# Bir "a"



## Marielopez

I have a question about definite and undefinite words.

Do we say :
Yeni arabam var or yeni bir arabam var?"I have a new car" in english so logically it is yeni bir arabam var. Right?

But i am reading a text that says: "bak bu güzel fikir işte": look it is a nice idea. When we translate we have the"a" so we should have "bir" also , but we don't.

Can you explain this to me guys? Thanks a lot


----------



## Rallino

Marielopez said:


> But i am reading a text that says: "bak bu güzel *bir* fikir işte": look it is a nice idea. When we translate we have the"a" so we should have "bir" also , but we don't.
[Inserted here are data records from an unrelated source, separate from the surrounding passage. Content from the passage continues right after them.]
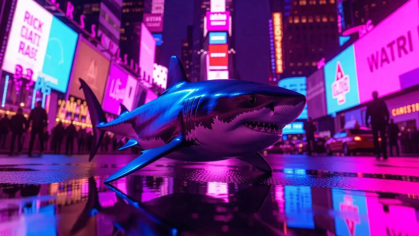 A sleek, determined shark navigating the bustling streets of a neon-lit big city, searching for a job, with skyscrapers towering above and city dwellers hurrying past, capturing the essence of urban ambition and determination.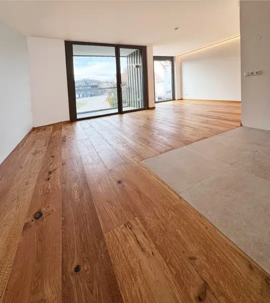 edles Eichenparkett und großformatige Feinsteinzeugfliesen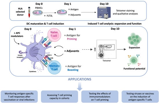 A human-based assay capable of studying the antigen-specific T cell priming process and amplifying T cell frequencies could help overcome some of these limitations. In this review, we discuss the development of such an in vitro approach and explore its various applications in vaccine research, including monitoring antigen-specific T cell responses, assessing individuals’ T cell priming capacities, and screening for potential adjuvants and vaccine candidates.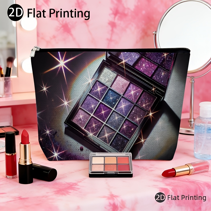 TEMU 1개 여성용 퍼플 스타라이트 아이섀도 메이크업 파우치 - 우아한 휴대용 리넨 화장품 케이스, 지퍼 잠금, 여행용 재사용 가능한 정리함, 여성 생일/크리스마스/새해 선물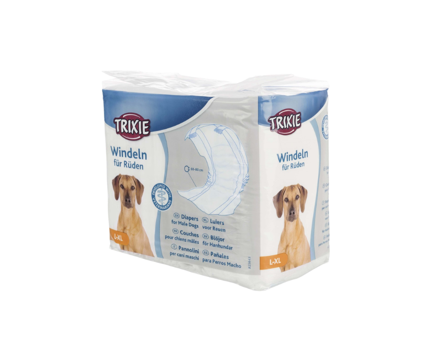 Blöjor för hanhundar i tre olika storlekar.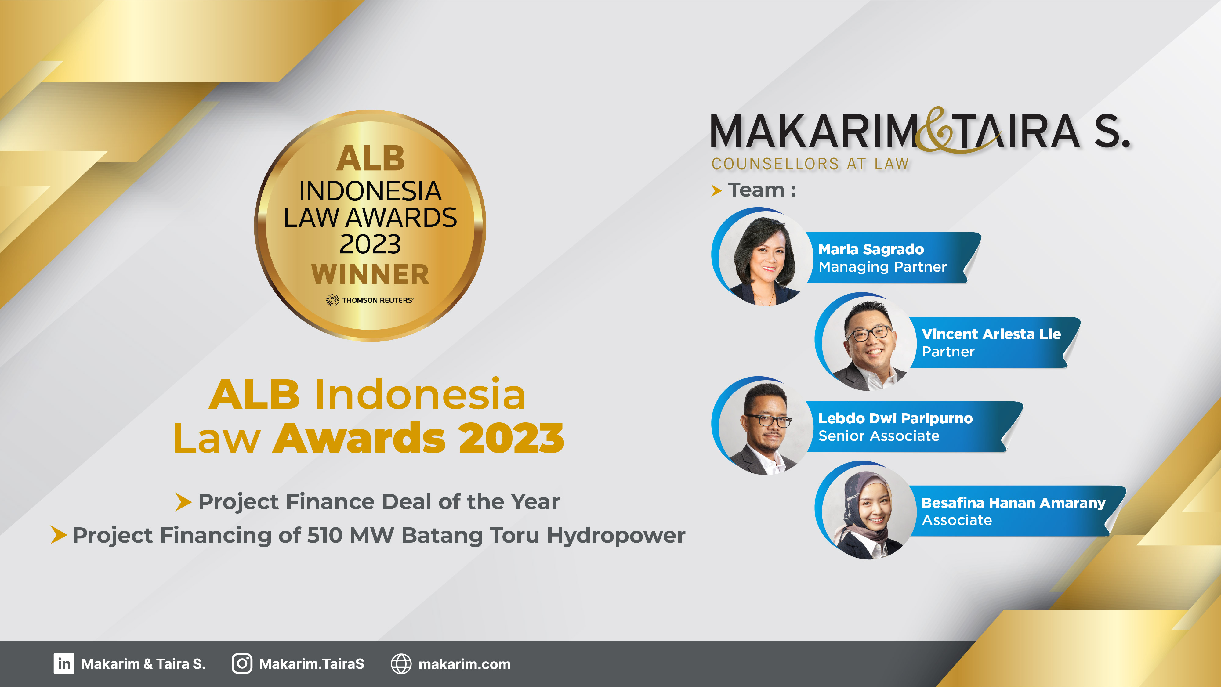 We are honored to share that Makarim & Taira S. has been recognized by Asian Legal Business (ALB) at the 10th Annual ALB Indonesia Law Awards 2023. Our firm received the award for Project Finance Deal of the Year for the financing of the 510 MW Batang Toru hydropower project in North Sumatra province.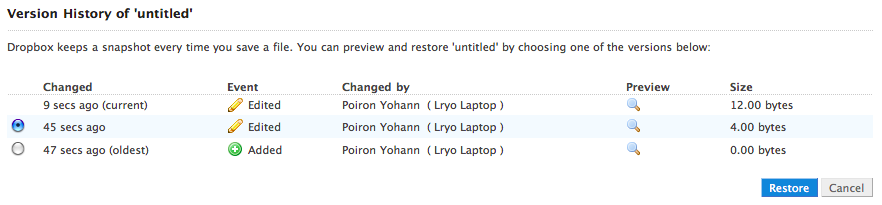 Dropbox conserve également un enregistrement des versions précédentes du fichier, de sorte qu’il fonctionne comme son propre contrôle de version du système même, un bonheur !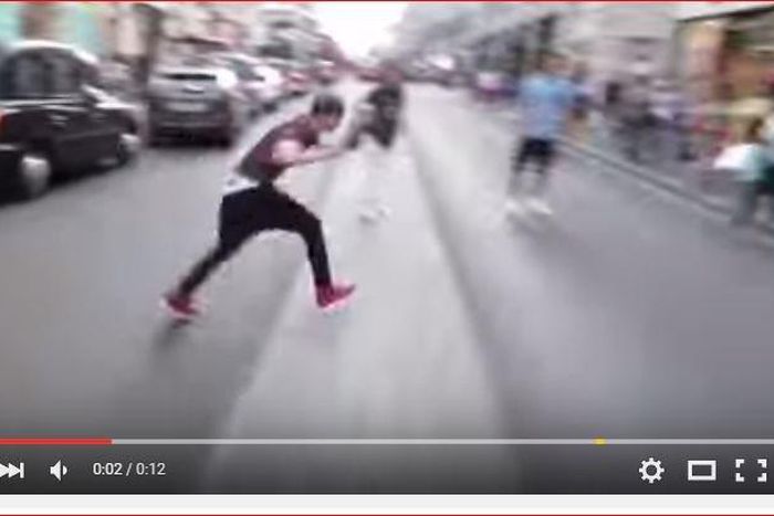 Well, this oyinbo guy defies everything we have being taught about crossing a busy road by launching himself into a running flip.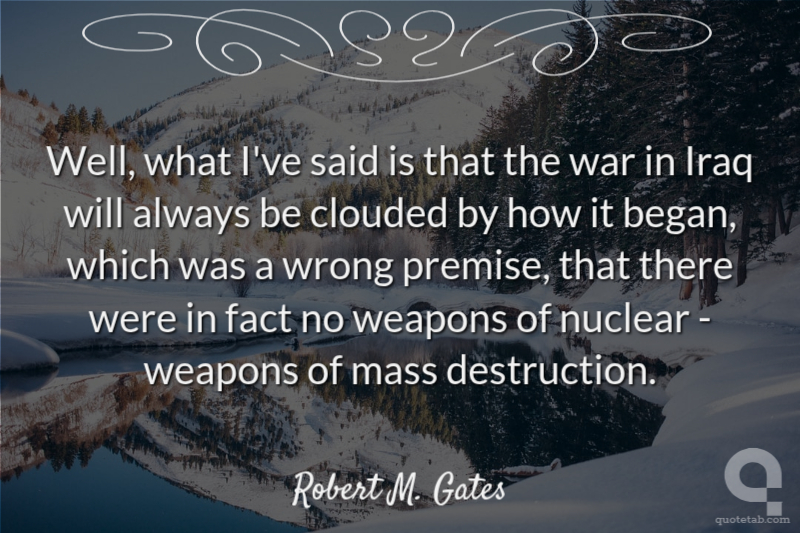 Well, what I've said is that the war in Iraq will always be clouded by how it began, which was a wrong premise, that there were in fact no weapons of nuclear - weapons of mass destruction.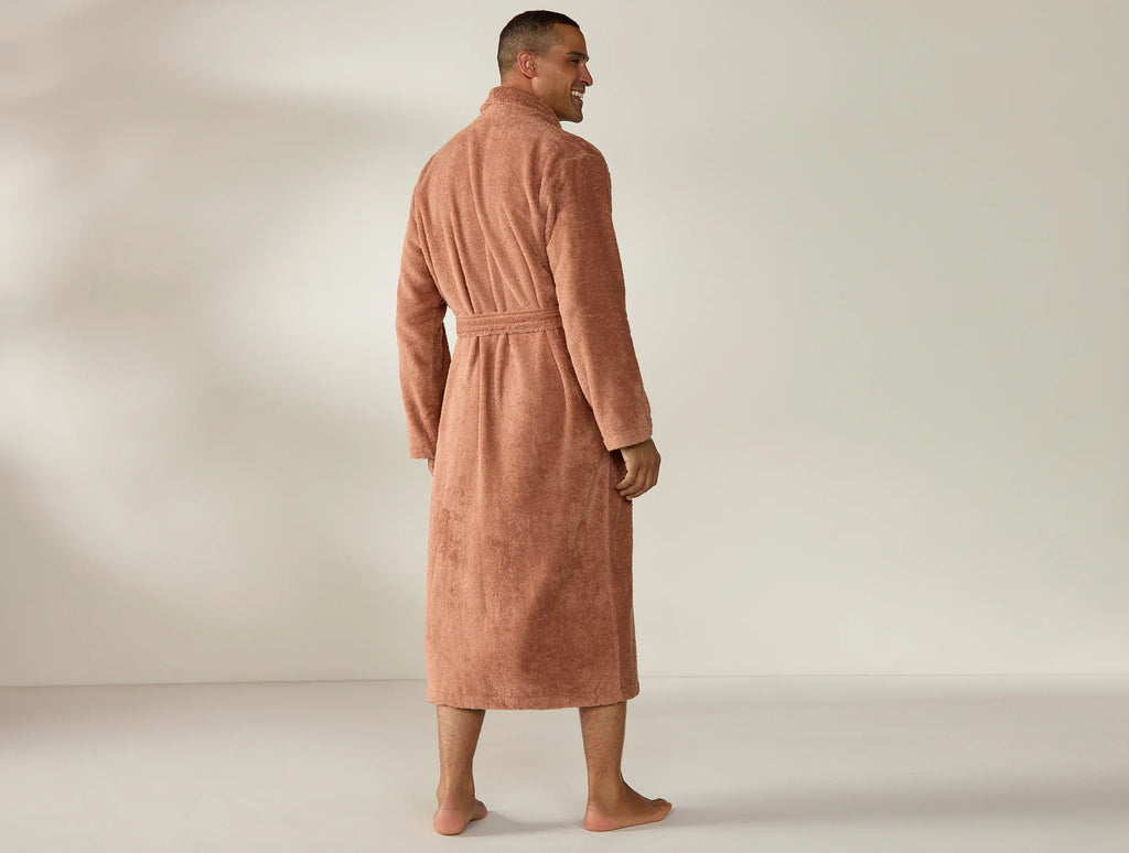 Inspired by Coyuchi's best-selling organic cotton Cloud Loom towels, this robe begins with the same long-staple cotton, loomed into single loops that feel thick and plush, yet lofty. The Aerospin process aligns the fibers in each yarn, making the robe just as soft and absorbent as our towels but a touch smoother and sleeker. The classic shawl-collared silhouette wraps cozily and features an adjustable belt and side pockets.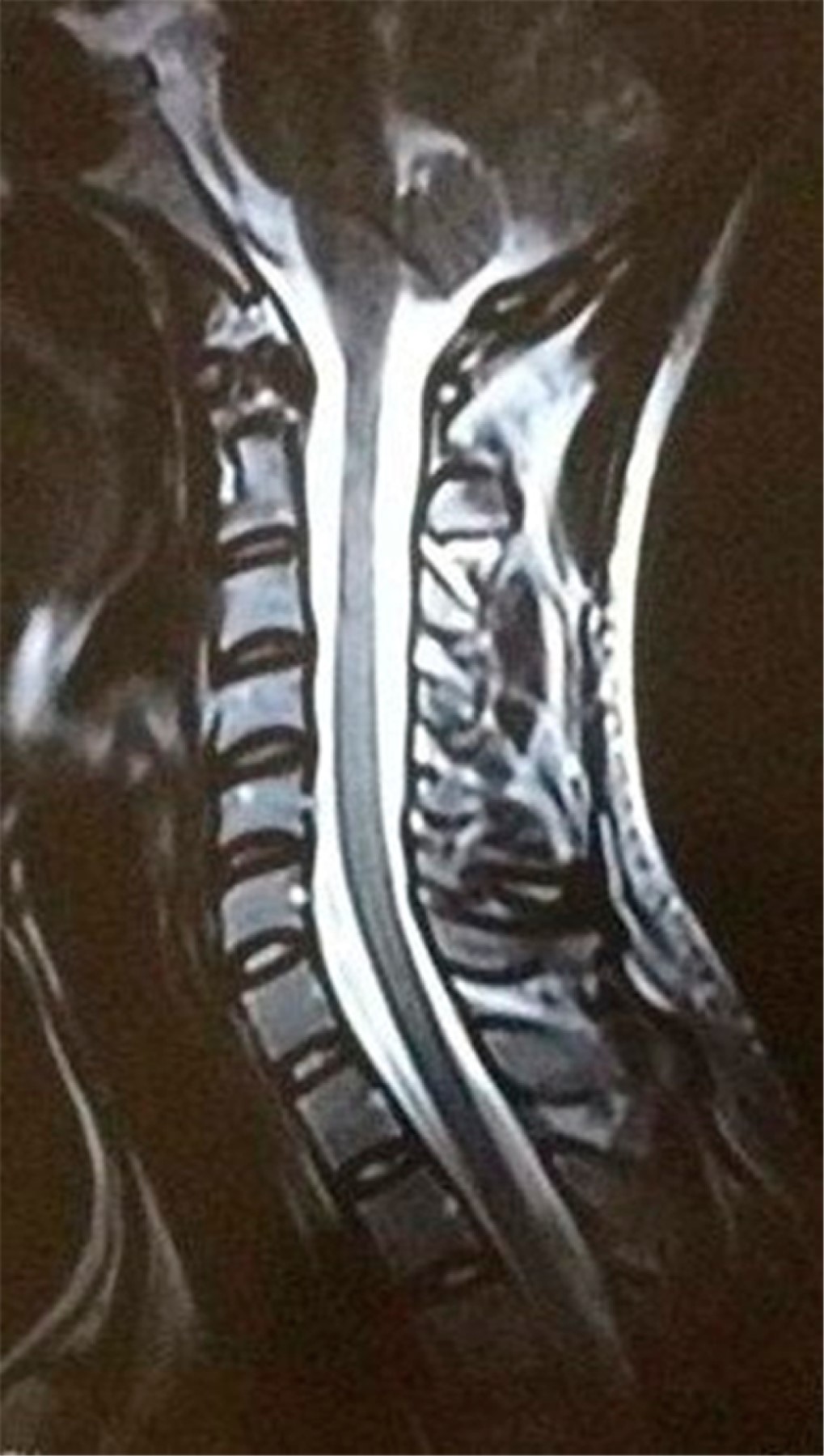 Es valorado por los servicios de neurología y neurocirugía descartando tratamiento quirúrgico. Tres días después se encuentra paciente con evolución clínica favorable, con funciones mentales superiores normales, debilidad distal en extremidades, escala Daniels 4/5, Hoffman y Trommer positivos, reflejos osteotendinosos aumentados en miembros inferiores; Babinski, Chaddock y Gordon ausentes; con adecuada diuresis. Se decide continuar con esteroides IV y se realiza resonancia magnética simple con resultados de pérdida de la lordosis cervical; sin presencia de alteraciones que condicionen compromiso de cordón medular o alguna otra anormalidad (Figura 1). Se concluyó diagnóstico clínico de SCIWORA asociado a Sx de Brown Séquard.

I see a "bir" there  Am I misunderstanding your question?


----------



## blueeye

Marielopez said:


> I have a question about definite and undefinite words.
> 
> Do we say :
> Yeni arabam var or yeni bir arabam var?"I have a new car" in english so logically it is yeni bir arabam var. Right?
> 
> But i am reading a text that says: "bak bu güzel bir fikir işte": look it is a nice idea. When we translate we have the"a" so we should have "bir" also , but we don't.
> 
> Can you explain this to me guys? Thanks a lot



You right Marielopez . Sometimes we dont need use "bir" ,Because its some meaning like that.
Benim bir kombucha mantarım var - Benim kombucha mantarım var.

But "bak bu güzel bir fikir işte" this is sentence pattern.

Like : "Bu harka bir fikir" also you need use "bir".


----------



## Marielopez

Rallino said:


> I see a "bir" there  Am I misunderstanding your question?


I am so sorry i was thinking of it so i wrote it without noticing. I deleted it. No, there is not "bir" in the text i am reading. Sorry


----------



## blueeye

Yes you right Marielopez . its depending on the situation. There is excitement in this article. 
We usualy use but of course its not necessary everytime. If you use google translate (I don't like their translations, but no other alternative)  can make it wrong.

Note: Its a very small detail. It doesnt change meaning.


----------



## KnnDmrl

In a sentence "Bak, *bu* güzel fikir işte", the word of "bu" (which means "*this*" in Turkish) may also refer to "one thing" in a given situation. Therefore, as you wrote, correct translate would be "look, it is *a* nice idea".


----------



## Cahittinsan

Generally we said ı have car (yeni arabam var).
But I have a car true, too. .


----------



## blueeye

Cahittinsan said:


> Generally we said ı have car (yeni arabam var).
> But I have a car true, too. .


It like Turkenglish (Turkenglish = Turkish + English)


----------



## Cahittinsan

.


----------



## Cagsak

Marielopez said:


> I have a question about definite and undefinite words.
> 
> Do we say :
> Yeni arabam var or yeni bir arabam var?"I have a new car" in english so logically it is yeni bir arabam var. Right?
> 
> But i am reading a text that says: "bak bu güzel fikir işte": look it is a nice idea. When we translate we have the"a" so we should have "bir" also , but we don't.
> 
> Can you explain this to me guys? Thanks a lot



"Yeni bir arabam var." or "bu çok güzel bir fikir." sounds better to me. I wouldn't say "yeni arabam var." nor "bu çok güzel fikir." but I can't say it's wrong to say these phrases without "bir". Sometimes we drop it. You don't have to do the same.


----------